Florida melds psychology, sociology, and economics to try to determine the importance of humanity's displacement from rural areas to cities and, now, megalopolises. Some of the ground he covers is well-trod, but he comes up with a number of ideas that I find insightful. I particularly liked his categorization of urban districts into such places as, e.g., strollervilles (wealthy neighborhoods full of two-year-olds being strolled around by nannies while Daddy is at the law firm and Mommy is either working or doing something else), designer digs (e.g., Aspen, La Jolla), ethnic enclaves (think Fremont, Calif.), preservation-burgs, and boho-burbs (chic neighborhoods, often on old streetcar lines, with lively shopping areas; e.g., the Sellwood district and N.W. 23rd Ave. in Portland, Ore.). The Rockridge neighborhood in Oakland, Calif., is both a strollerville and a boho-burb. Florida goes beyond the usual accolades one might expect to be conferred on such places to point out their drawbacks. It's very well done.
If only Florida and his publisher had taken better care to vet the manuscript before publishing it!

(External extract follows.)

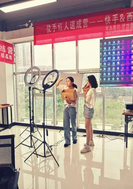 7月16日,西北网红直播基地联合快手总部,邀请快手官方账号运营负责人及千万网红操盘手到武功举办联合孵化训练营。为推动产教深度融合,校企紧密合作,落实伟德体育电商直播基地建设,刚放暑假的胡一波和晋军刚主任主动报名参加了为期4天的训练营。当天出席开营仪式的有武功县人民政府副县长高论、武功县电子商务服务中心席健雄主任、快手农业产业带负责人石荷露女士等。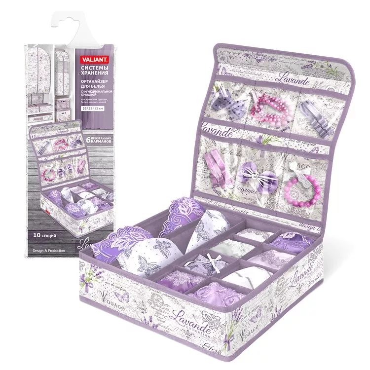 "VALIANT" LAVANDE Органайзер для белья с крышкой на магните, 10секций 32х32х12см

I'd read only a few pages before I started noticing typos: paarticular, New "Dehli" (must have excellent pastrami sandwiches), São "Paolo," Brazil (must have changed its official language to Italian). Then I started noticing factual oddities: Seoul, Korea, described in two different and seemingly mutually exclusive categories; San Francisco described as a place in which single women predominate when the accompanying map shows just the opposite. By the end of the book, the number of glitches had made me suspicious of every empirical datum Florida was presenting--so that when I read his statistic that only 1 in 20 U.S. households contains someone living alone, I couldn't trust it. It sounded too low. I went to the Internet and found an Associated Press report that "About 27.2 million Americans lived alone in 2000, accounting for about 26 percent of all households . . . ." That sounds right. A Population Reference Bureau web page confirms that Florida's statistic is highly inaccurate.
In summary, the book is well worth reading for Florida's impressionistic observations, but I'd be careful about relying on any conclusion he draws that is based on empirical data.